Ora può dirlo: cosa ha provato quando, in Trentino, vide gli ultrà appendere lo striscione "Brini uno di noi"?
«Guardate: per un allenatore ricevere certi messaggi non è facile. Non mi era mai capitato: mi avevano chiamato, avevano fatto cori. Ma uno striscione mai: è stata una responsabilità maggiore, dovevo dimostrare di essere uno di loro anche se non ero di Taranto. E dal lato umano sono stato uno di loro. Dal lato calcistico quest'anno no. Ma ho sempre rispettato tutto e tutti, parlando ogni volta che me l'hanno chiesto, senza la copertura di una società».
Quale era il suo obiettivo a Taranto?
«Volevo cambiare a livello culturale una società dove la serietà non è radicata. Ma non sempre la serietà e l'onestà pagano. Probabilmente a Taranto c'è bisogno di altro».
Perchè è ancora a Taranto?
«In tredici mesi ho conosciuto tanti amici e per salutarli tutti non basterebbero quindici giorni. Se non riesco a salutare tutti torno la settimana prossima. E poi io non scappo, non scapperò mai: anche se qualcuno mi dava già a casa».

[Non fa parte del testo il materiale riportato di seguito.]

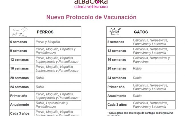 Desde este preciso momento en el que hemos publicamos esta información comenzamos a aplicar el nuevo calendario vacunal. Recuerda que si tienes alguna duda sobre esta información o sobre las próximas vacunas que le corresponden a tu perro o gato, estaremos como siempre encantados de atenderte en la Clínica Albacora (953.27.53.05)

Ma appena rientrato che farà?
«Sicuramente un po' di vacanza: quest'estate, visto che dovevo trovare anche il ritiro, non l'ho fatto. E lo devo alla famiglia, che ha fatto tanti sacrifici. Poi andrò all'estero per aggiornarmi. Anche perchè qui non se ne vedono tante: ho sentito un allenatore di A italiana dire che la novità di quest'anno è il giocatore tra le linee dietro le punte. Lo dico con presunzione: giocavo già l'anno scorso così. Allora vado a trovare qualcosa di nuovo all'estero».